NSPredicate *eventEqualToPredicate = [NSPredicate predicateWithFormat:@"(SUBQUERY(events,$x, $x.event LIKE[d] %@))",event ];


and the error message is as follows...


*** Terminating app due to uncaught exception 'NSInvalidArgumentException', reason: 'Unable to parse the format string "(SUBQUERY(event,$x, $x.event LIKE[d] %@))


by the way, does anyone know how to see all the posts i have made or threads i have started in these new forums?!!

In reverse order:


Go to the "Content" link, https://forums.developer.apple.com/content

The threads you've created should show up under 'Authored'. The threads you've posted in should show up under 'Participated'.


For

(SUBQUERY(events,$x, $x.event LIKE[d] %@))

it's important to understand that it's an expression which evaluates to a collection, not a single boolean value. That means that


(SUBQUERY(events,$x, $x.event LIKE[d] %@))

by itself isn't a valid predicate because doesn't evaluate to a boolean value. You need to embed the subquery expression in a complete boolean expression like


(SUBQUERY(events,$x, $x.event LIKE[d] %@)).@count > 0

Hi NotMyName,


Nice seeing you back on these new forums.


I'm glad I got a part of the subquery right. now what does .@count>0 do?

this is what my final predicate looks like when two events are selected...


SUBQUERY(event, $x, $x.event LIKE[d] "Birthday").@count > 0 AND SUBQUERY(event, $x, $x.event LIKE[d] "party").@count > 0


now i have one entry with both these events but i get nil returned on executing the fetch request.


i guess my original AND compound predicate was right. there seems something wrong with my persistent store.


any idea what it could be?

@count is one of the collection operators, it evaluations the size of the collection.


So the SUBQUERY(............).@count > 0 is a predicate for whether there are any matches to the subquery.

I'm pretty sure you can't actually have a string value that matches two LIKE clauses like that without specify a wildcard in both of them.

Because you're expected to supply the wildcards:

LIKE
The left hand expression equals the right-hand expression: ? and * are allowed as wildcard characters, where ? matches 1 character and * matches 0 or more characters.

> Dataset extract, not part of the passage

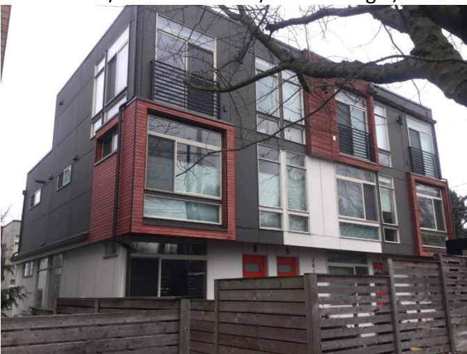
Grade 9/ Year Built 2017/ Total Living 1,750

In other words, if you're trying to match "Birthday party" you need soething like "Birthday*" and "*party" as your two target values, or "*birthday*" and "*party*".

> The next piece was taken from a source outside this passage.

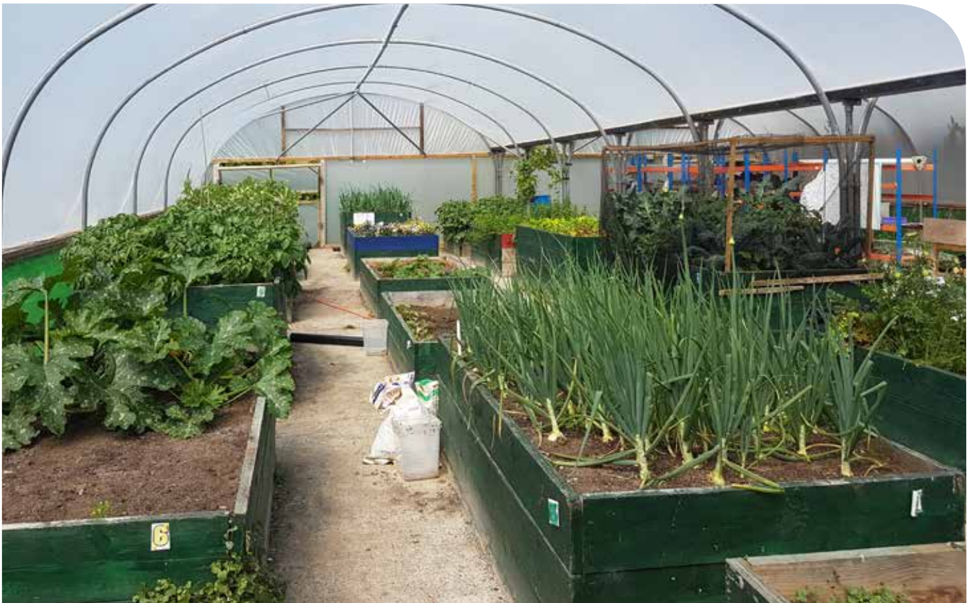
Refurbished polytunnel at Gatty Park

More importantly, if you're trying to make sure the same event matches both "Birthday*" and "*party" then you need


SUBQUERY(event, $x, $x.event LIKE[d] "Birthday*" && $x.event LIKE[d] "*party").@count > 0

That's the more common use for subquery, by the way. When you have one of the objects in the event to-many relationship and you want to make sure that the same object satisfies multiple criteria.


The way you have it specified it,

SUBQUERY(event, $x, $x.event LIKE[d] "Birthday*").@count > 0 AND SUBQUERY(event, $x, $x.event LIKE[d] "*party").@count > 0

with the added wildcards, if you "Birthday planning" and "Office party" as two different events, your predicate would match.

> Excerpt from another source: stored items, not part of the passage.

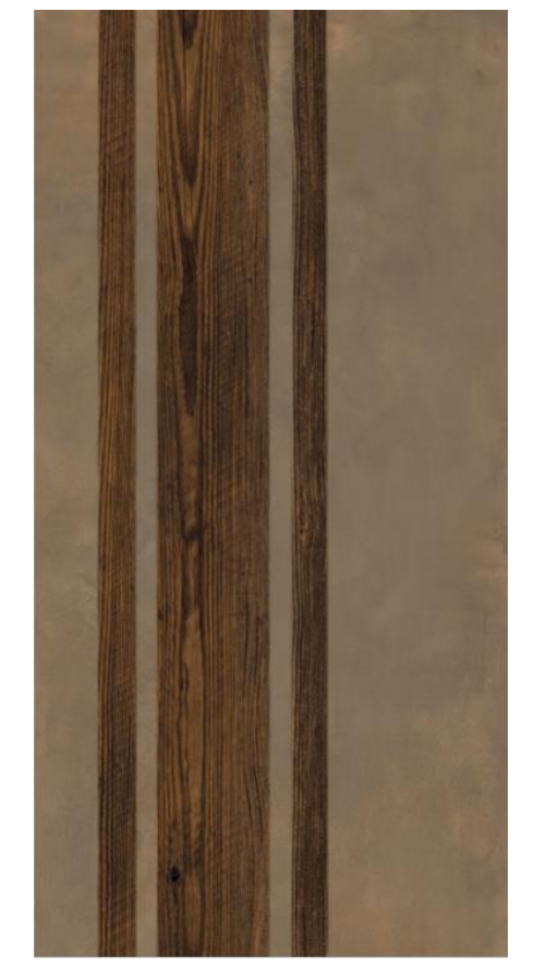
Fusion of Cast Concrete Brown & Cherry Wood Natural
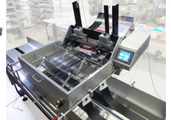
Wide Format up to 30" wide
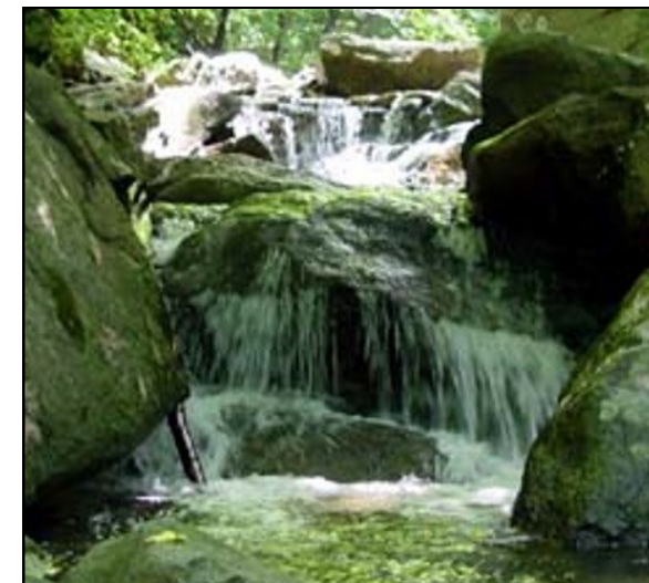
Waterfall at Scout Run

birthday and party are two separate events and they both could be selected in a single entry and it doesnt reduce to a single event called 'birthday party'. Using this app called 'Core Data Editor' I found out that my code was only taking one event where multiple are selected. So my store didnt have any entry with two events Birthday and Party! I guess I found where the bug is.

my orginial code...


                NSPredicate *eventEqualToPredicate= [NSComparisonPredicate predicateWithLeftExpression:eventLHS rightExpression:eventRHS modifier:NSAnyPredicateModifier type:NSLikePredicateOperatorType options:NSDiacriticInsensitivePredicateOption];
                [eventsComparisionPredicates addObject:eventEqualToPredicate];

is working now!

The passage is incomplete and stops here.